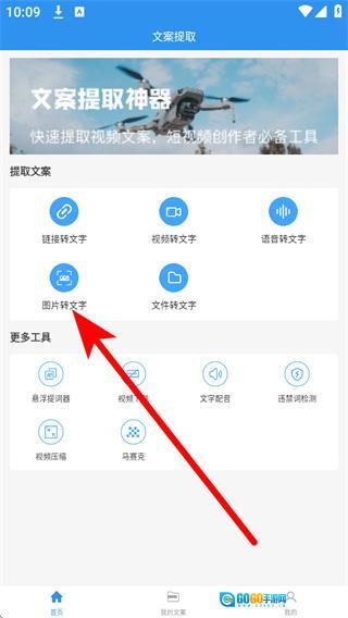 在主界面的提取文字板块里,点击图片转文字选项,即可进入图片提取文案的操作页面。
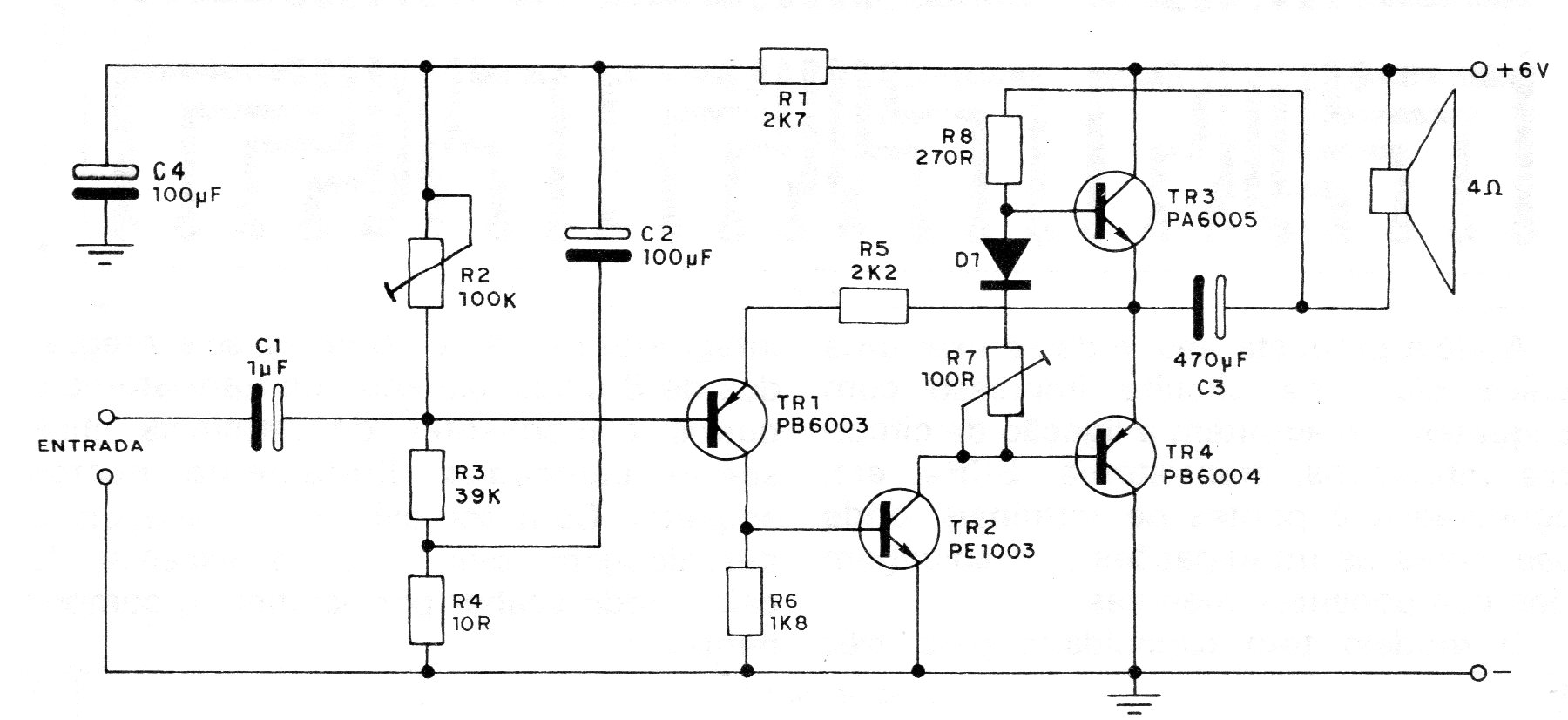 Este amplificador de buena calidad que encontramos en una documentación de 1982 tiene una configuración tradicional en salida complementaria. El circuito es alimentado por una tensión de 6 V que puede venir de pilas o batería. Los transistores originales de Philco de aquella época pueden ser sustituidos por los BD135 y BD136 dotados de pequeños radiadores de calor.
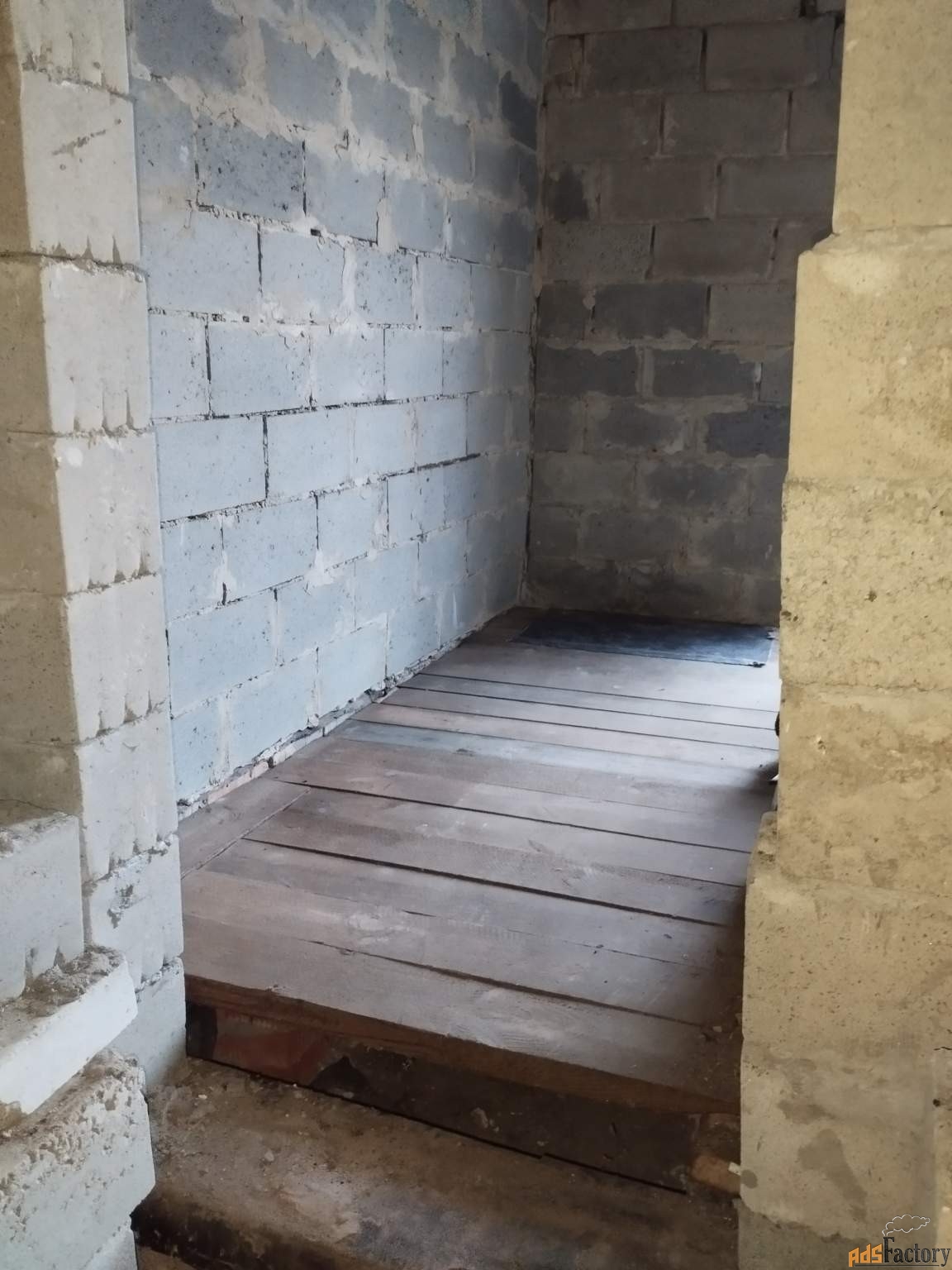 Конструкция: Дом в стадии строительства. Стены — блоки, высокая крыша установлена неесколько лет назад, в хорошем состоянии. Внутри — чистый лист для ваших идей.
- - - - -
_Aim of the task_
Before handing back the copy, remove the pictures; otherwise print the data exactly.

_Solution to the exercise_
 在主界面的提取文字板块里,点击图片转文字选项,即可进入图片提取文案的操作页面。
 Este amplificador de buena calidad que encontramos en una documentación de 1982 tiene una configuración tradicional en salida complementaria. El circuito es alimentado por una tensión de 6 V que puede venir de pilas o batería. Los transistores originales de Philco de aquella época pueden ser sustituidos por los BD135 y BD136 dotados de pequeños radiadores de calor.
 Конструкция: Дом в стадии строительства. Стены — блоки, высокая крыша установлена неесколько лет назад, в хорошем состоянии. Внутри — чистый лист для ваших идей.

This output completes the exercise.